This Zhang Yimou epic is a curious hybrid of the bad and the beautiful. For the first hour it’s such a hammy melodrama that you wonder why no-one’s had a word with him. It’s beautiful to look at, if course. He’s a master of composition and movement. But the palace-intrigue plot is uninteresting and there’s nothing to look at but interiors with talking heads. It’s filmed in striking monochrome with odd flashes of muted colour, such as flesh tones, but this can’t sustain interest on its own.
But fast forward to 63 minutes and you reach a dynamic battle sequence set in a walled city on the edge of a deep gorge. The main weapons of choice are umbrellas made of sharp blades.
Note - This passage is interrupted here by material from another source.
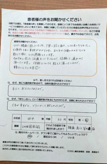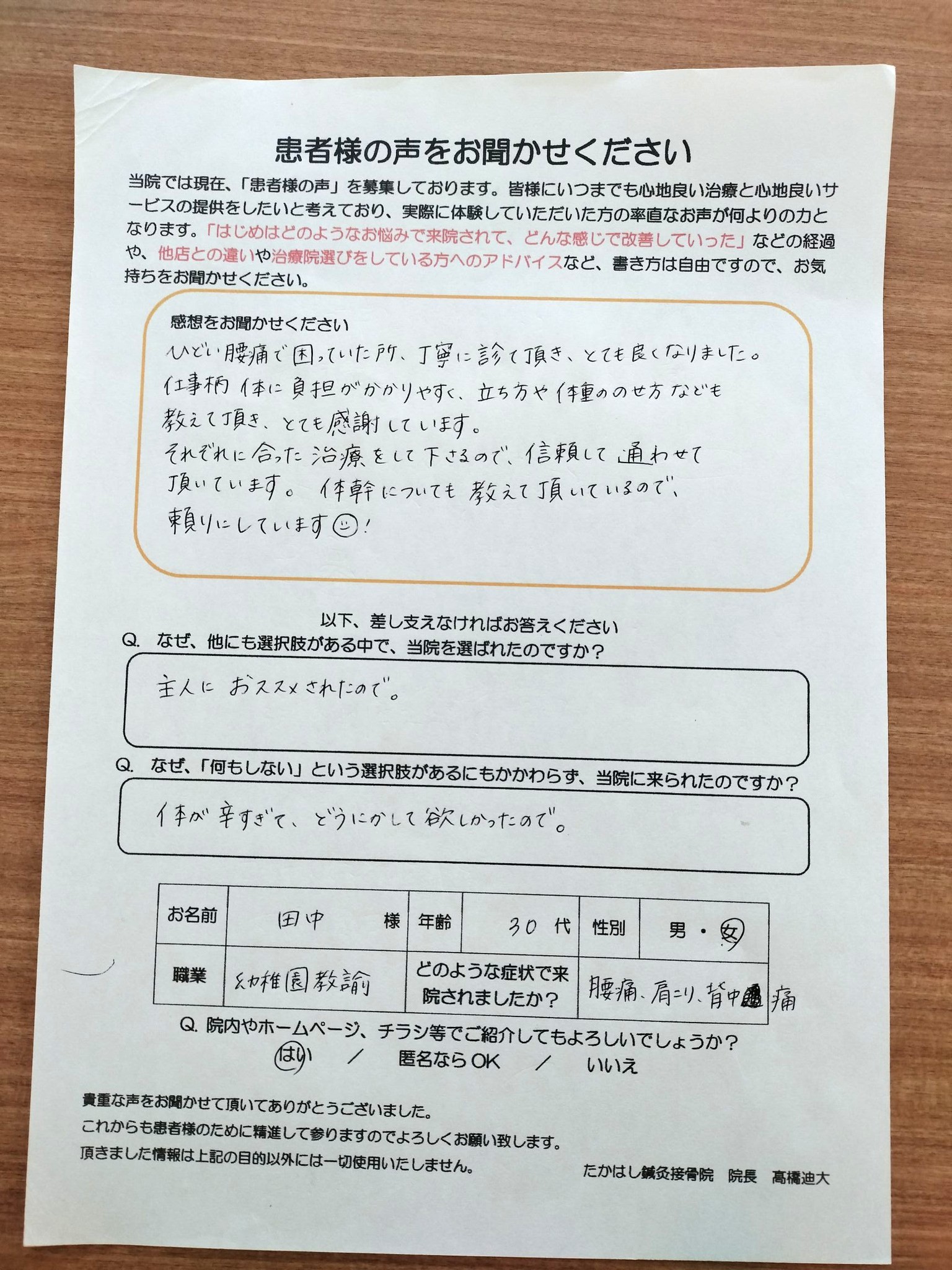 ひどい腰痛で困っていた所、丁寧に診ていただき、とても良くなりました。仕事柄(幼稚園教諭)、体に負担がかかりやすく、立ち方や体重ののせ方なども教えていただき、とても感謝しています。

There are some jaw-dropping scenes here that are like nothing you’ve ever seen before, even in a Kurasawa film. It even reminds you of Kurasawa’s Seven Samurai because the whole battle is filmed in torrential rain. It’s a spectacular cinematic vision. If only the remainder of the film could match this it would be a masterpiece, but after the battle it’s back to interior melodrama. If you have any interest in film at all, however, it’s worth watching for that central 20min sequence.
I began watching it in Madorin with English subtitles but they shot by too quickly so i watched the film with English dub. it was a mistake. The dubbing is very poor quality with ridiculous American accents. The first half of the film plods by, great costumes but hammy drama. towards the end of the film we have some beautiful imagery of sweeping mountains,, dark craggy valleys, armies sweeping into attack, rain, and an interplay between music and black and white and elemental forces. By this point one did not really care. I really wanted to like it, but could not.
Not the best of choices!
I firmly believe that this film was simply trying too hard to be a 'Crouching Tiger Hidden Dragon' type of show.
It failed miserably!
We watched an hour of this and finally gave up as the action was poorly directed and the actors themselves were struggling!